RECORD SET.
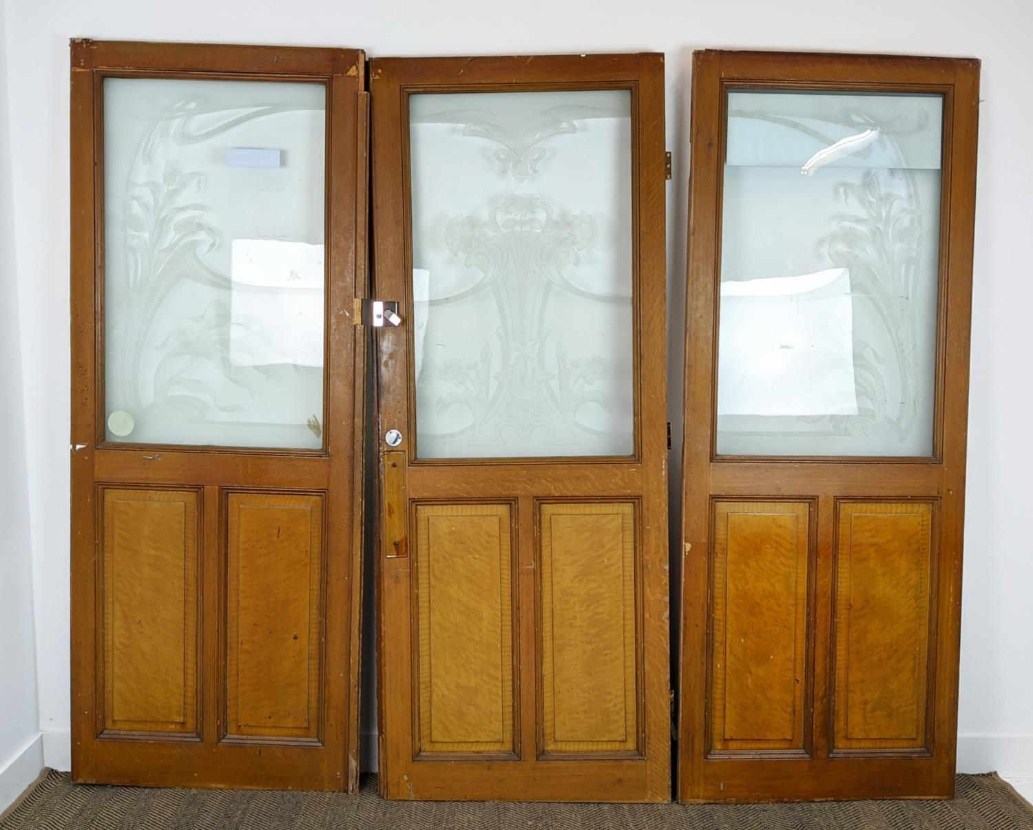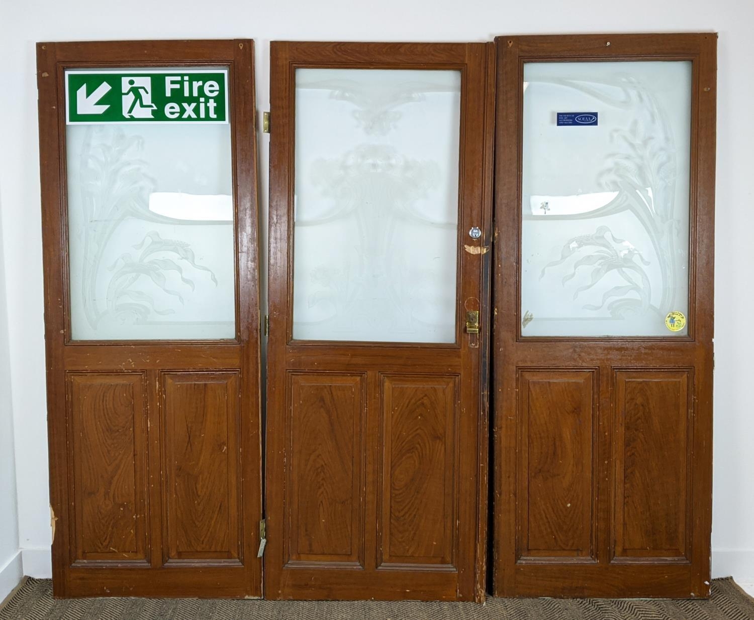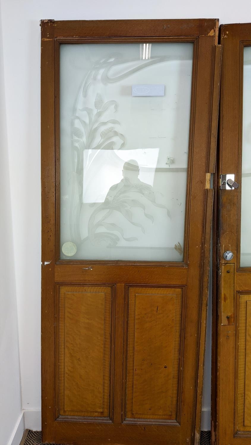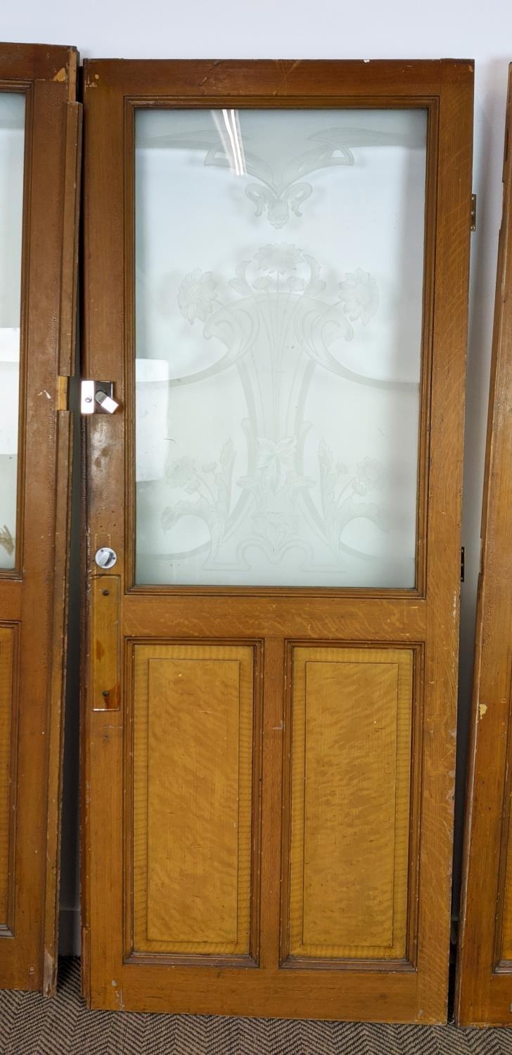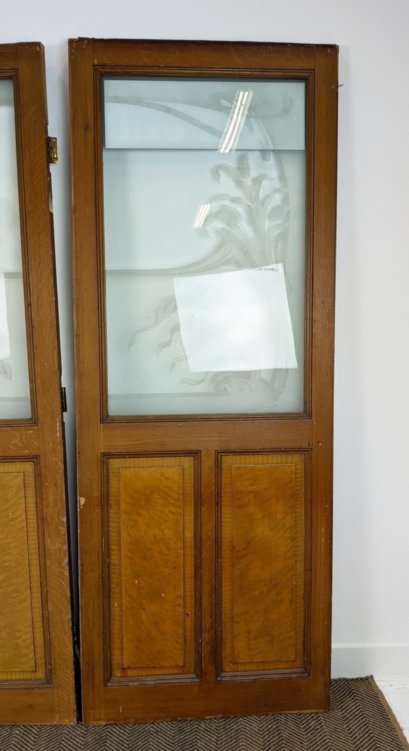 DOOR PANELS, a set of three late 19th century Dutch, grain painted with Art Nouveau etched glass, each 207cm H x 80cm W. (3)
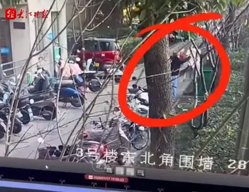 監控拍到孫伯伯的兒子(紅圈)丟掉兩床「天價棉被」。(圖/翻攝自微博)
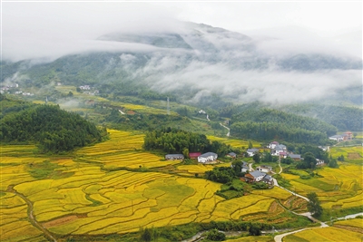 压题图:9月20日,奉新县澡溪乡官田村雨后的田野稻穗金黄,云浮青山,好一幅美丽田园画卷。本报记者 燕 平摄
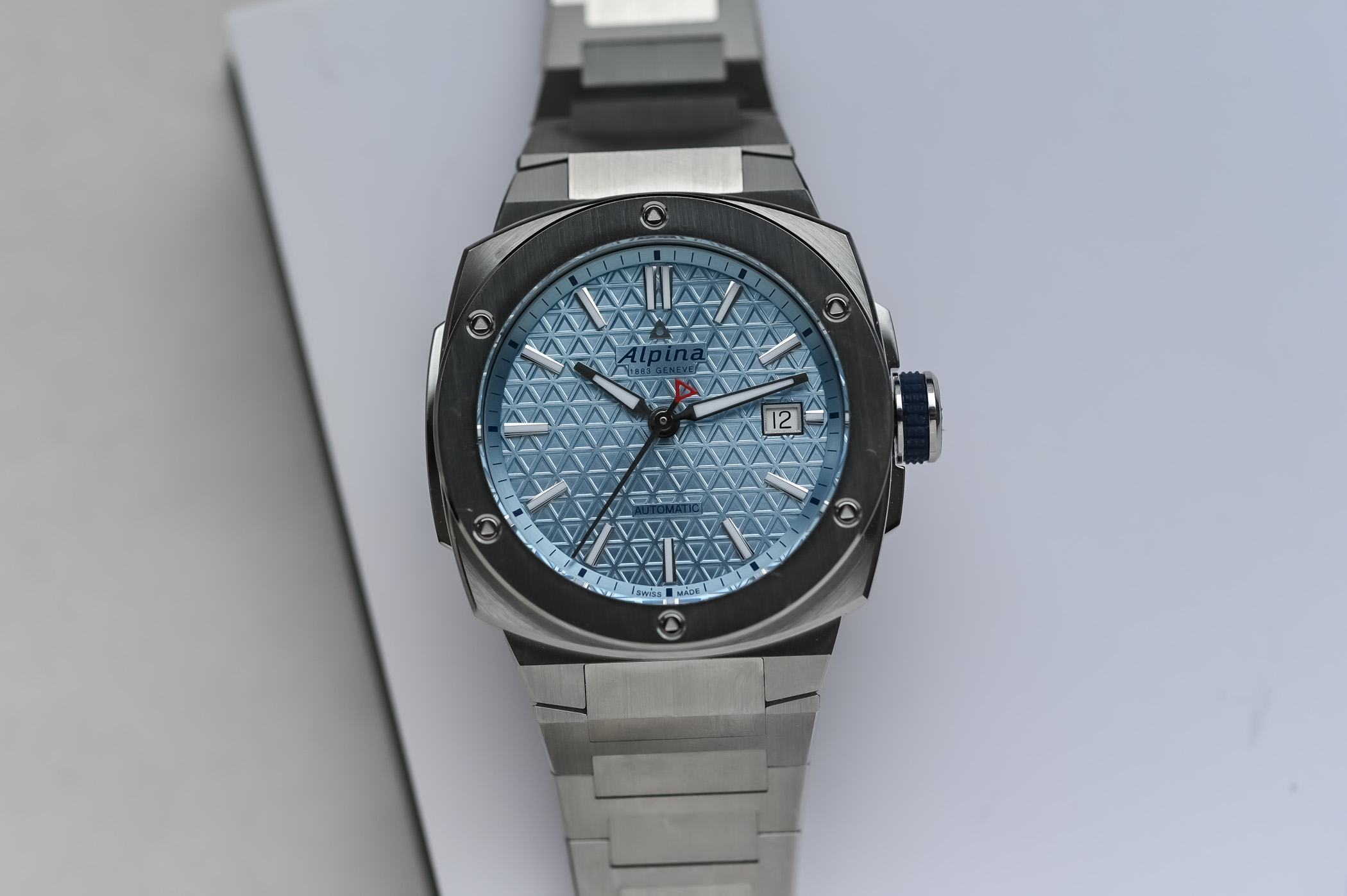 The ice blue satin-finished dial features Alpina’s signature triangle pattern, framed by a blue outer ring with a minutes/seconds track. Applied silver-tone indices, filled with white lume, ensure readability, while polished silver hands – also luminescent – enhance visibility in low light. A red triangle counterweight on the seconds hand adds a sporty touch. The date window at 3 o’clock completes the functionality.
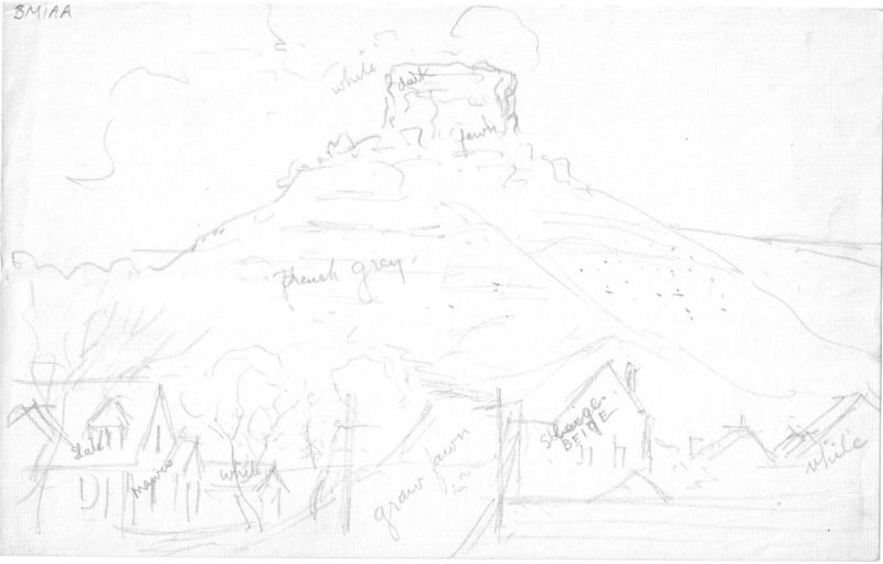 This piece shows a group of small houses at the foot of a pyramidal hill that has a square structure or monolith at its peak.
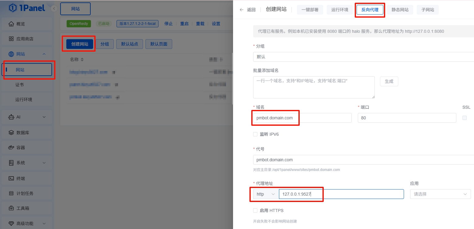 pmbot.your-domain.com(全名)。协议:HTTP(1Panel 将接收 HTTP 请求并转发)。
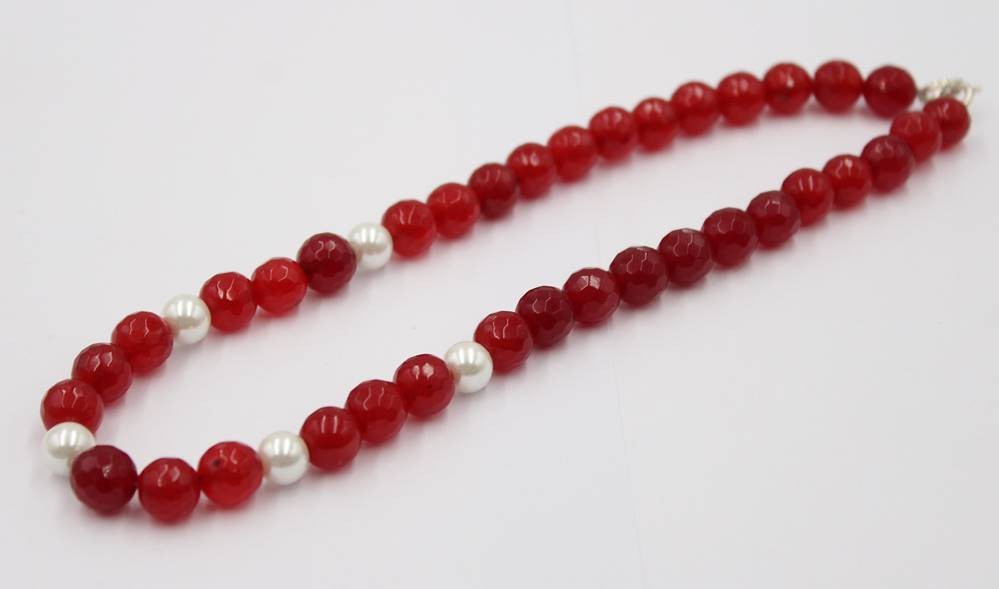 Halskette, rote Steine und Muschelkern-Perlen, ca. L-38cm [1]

WHAT TO DO. With the pictures left out, output exactly the lines from the one with "pmbot.your-domain.com(全名)。协议:HTTP(1Panel 将接收 HTTP" through the end of the listing above, both ends included.

RESULT.
 pmbot.your-domain.com(全名)。协议:HTTP(1Panel 将接收 HTTP 请求并转发)。
 Halskette, rote Steine und Muschelkern-Perlen, ca. L-38cm [1]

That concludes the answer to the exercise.